Una volta raggiunto il misto, bastano davvero poche curve per capire immediatamente di che pasta è fatta la RT. La facilità di piega è letteralmente imbarazzante, così come l'agilità e la sua stabilità lungo tutta la percorrenza della curva. Le sospensioni rispondono benissimo nelle staccate più violente, mentre l'ABS risulta poco invadente. La moto mantiene la giusta stabilità anche quando spostiamo repentinamente il peso del corpo per affrontare le curve.

Si scende in piega veloci, senza esitare, tenendo appena il gas in mano. Si può spalancare in anticipo senza rischiare troppo, eventualmente i controlli sono lì pronti ad aiutare dolcemente la moto a seguire la sua traiettoria senza troppe sbavature. La potenza che passa attraverso il cardano viene scaricata a terra vigorosamente, ma la moto rimane al suo posto senza scomporsi. E tutto questo senza chiedere troppa fatica al pilota, libero di godersi il suo misto stretto con un comfort davvero elevato.

Infine, lanciando una dovuta occhiata ai consumi, apprezziamo i 5,5 litri per 100 km sulla strada di montagna, che diventano 6,1 l/100km in città e sfiorano i 4,8 l/100km in autostrada stando molto attenti col gas. Cifre di tutto rispetto vista la poca compassione che abbiamo avuto nei confronti della manopola del gas sia in città che in montagna, specialmente se consideriamo un peso di 275 kg con il pieno di benzina che lievita fino a oltre 300 kg includendo le due borse laterali ben riempite.

Certo il prezzo base, 18.900 euro, è una cifra che solo pochi possono permettersi, considerando inoltre che la maggior parte delle dotazioni è disponibile come optional. Ma non dimentichiamo che, grazie appunto a questa sua indole turistica e alle dotazioni che possono essere aggiunte sfogliando il vastissimo catalogo degli accessori BMW Motorrad, la R 1200 RT M.Y. 2017 potrebbe tranquillamente sostituire (per il motociclista più sfegatato) l'autovettura, confermandosi ogni giorno la perfetta compagna di viaggio!

BMW R 1200 RT MY 2017: il motore


Come da tradizione, alla base della R 1200 RT 2017 troviamo il bicilindrico boxer da 1170 cc, 125 CV a 7750 g/min e una coppia massima pari a 125 Nm a 6500 g/min. Questo motore risulta essere molto elastico in tutti i campi di regime e dotato della giusta potenza di cui necessita una moto da turismo. Rispetto al precedente modello, equipaggiato con il vecchio bicilindrico Boxer raffreddato ad aria/olio, il nuovo propulsore sfrutta il sistema aria/liquido per mantenere alla giusta temperatura le sue parti meccaniche.

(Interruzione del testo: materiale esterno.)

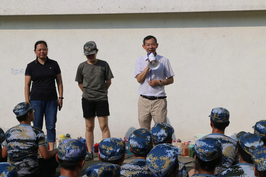 训练间隙,卢治平代表学院,向同学们表达亲切的慰问。就先前训练中出现的新生身体不适的情况,他谈到,近日气温较高,军训强度较大,同学们要把身体健康放在首要位置,在此前提下再认真地完成军事任务。卢治平也勉励同学们,希望同学们在军训期间发扬艰苦奋斗的光荣品质,决胜军训面向未来,肩负起时代赋予的重任。在中秋佳节即将到来之际,卢治平代表学院向同学们送出了月饼和牛奶,同时送出了中秋的祝福。
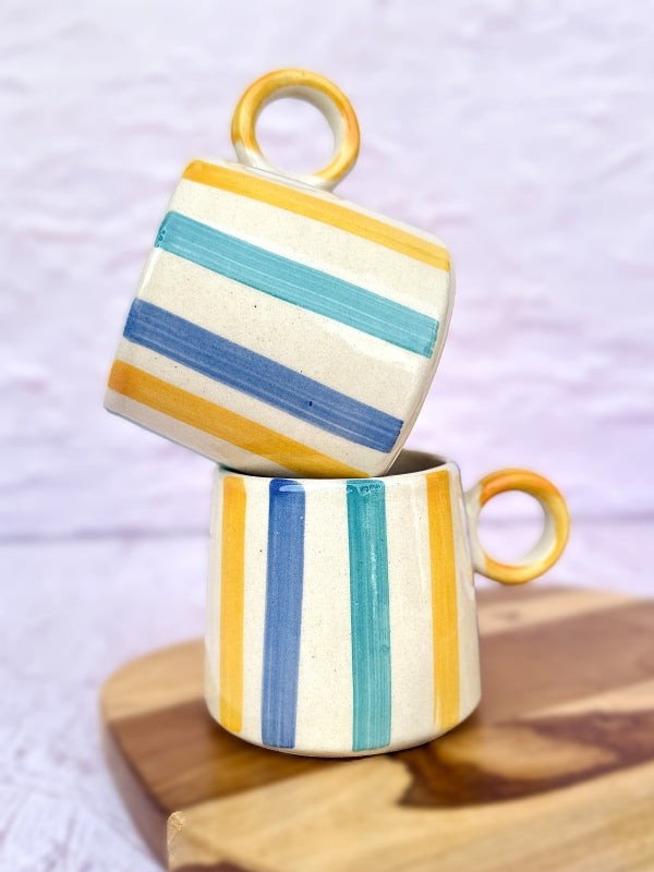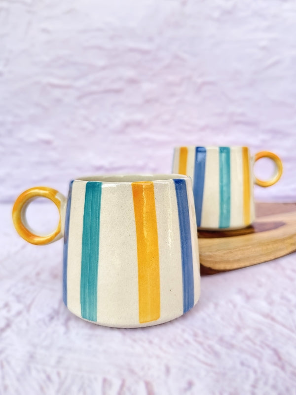 Ceramic Bright Striped Coffee Mug- 450ml (SET OF 4)

Abbinato al nuovo motore, un cambio a sei marce con frizione antisaltellamento in bagno d'olio e tradizionale trasmissione secondaria con albero cardanico montato adesso sulla parte sinistra, un componente che non necessita di alcun intervento di manutenzione. Per il 2017 gli aggiornamenti effettuati su questa unità riguardano uno smorzatore di vibrazioni posto sull'albero motore e nuovi alberi di trasmissione con annessi cuscinetti.

Il pilota viene poi assistito durante la guida dalla parte elettronica ben rifinita e dotata del sistema di controllo automatico di stabilità ASC, che consente di scegliere tra le due modalità di guida “Rain” e “Road” e da una modalità "Pro" disponibile come optional, il tutto affiancato dall’ABS semintrgrale di serie.

BMW R 1200 RT MY 2017: la ciclistica


Alla base troviamo dunque il telaio centrale di tipo integrale sul quale lavorano le sospensioni BMW Paralever e Telelever che su questa moto incrementano sensibilmente la precisione del tenere la traiettoria. L'angolo di sterzo segna i 36° su entrambi i lati, dunque un raggio di sterzata molto piccolo nonostante la mole non proprio snella di questa moto.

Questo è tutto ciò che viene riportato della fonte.